Tony Fitzgerald is a former Australian Judge, known for presiding over the Fitzgerald Inquiry. The Fitzgerald Inquiry resulted in the resignation of former Premier of Queensland, Joh Bjelke-Petersen, along with the imprisonment of several state ministers and Queensland's police commissioner.
Investigation into Queensland's Crime & Corruption Commission
In January of 2022, with her government facing media scrutiny and allegations of corruption and loss of integrity within Queensland's Crime and Corruption Commission (CCC), Queensland's Premier Annastacia Palaszczuk requested Mr. Fitzgerald to chair an inquiry into the organisation. In August of 2022, Mr. Fitzgerald delivered 32 recommendations to the Queensland Government regarding the CCC.
These recommendations include financing a new corruption strategy and prevention unit, as well as directing the agency to rely less on seconded police by recruiting skilled civilian investigators.

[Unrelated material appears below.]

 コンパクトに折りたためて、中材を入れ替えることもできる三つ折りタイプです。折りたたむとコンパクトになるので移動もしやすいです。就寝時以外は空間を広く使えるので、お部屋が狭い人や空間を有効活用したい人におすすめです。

The report noted that the CCC's checks and balances were at risk due to the reliance on these police powers:
“The CCC lacks ... both internal and external checks and balances that appropriately addressed these risks...We have concluded that seconded police officers remain a valuable asset in the CCC’s work but their skills and experience do not entirely meet the requirements of the CCC’s corruption investigations.”
The report has since been highlighted as a potential blueprint for Australia's Federal ICAC by Griffith University integrity expert, Professor AJ Brown. Prof. Brown noted that the report's recommendation for utilising both civilian and police staff could be applied at a federal level:
“Up until now we’ve got away with a lot of informal, on-the-job training...Now is the time to recognise that the skills and the capabilities of anti-corruption professions, investigators, prevention officers, is broader than any one skill set...It’s broader than police training. It’s broader than legal training and fraud and forensic accounting – it involves all of those, plus policy and administration and management skills. That all needs to be properly developed and institutionalised. It’s not very sexy, but it’s very significant.”

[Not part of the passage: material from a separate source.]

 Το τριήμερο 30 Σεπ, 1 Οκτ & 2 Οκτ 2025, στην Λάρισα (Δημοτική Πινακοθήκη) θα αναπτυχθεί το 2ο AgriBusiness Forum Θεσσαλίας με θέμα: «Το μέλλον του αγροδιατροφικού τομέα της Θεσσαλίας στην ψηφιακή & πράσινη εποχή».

Prof. Brown was also critical of the original scrutiny of the CCC prior to the inquiry and commented that Mr. Fitzgerald's report "was vindication the 'wildly out of control CCC' narrative was always false":
“The allegation that the CCC was out of control was always overblown," he said.
The Fitzgerald Inquiry
"The Commission of Inquiry into Possible Illegal Activities and Associated Police Misconduct," more commonly referred to as "The Fitzgerald Inquiry" was a judicial inquiry led by Mr. Fitzgerald from 1987 to 1989. The final report of the inquiry was released in 1989 and resulted in three former ministers and the Police Commissioner of Queensland being imprisoned, two by-elections and the resignation of then-Premier of Queensland, Joh Bjelke-Petersen, resigning, ending the National Party of Australia's 32-year dominance as the governing party of Queensland. The recommendations of the report also led to the establishment of the Criminal Justice Commission (CJC) and the Electoral and Administrative Review Commission.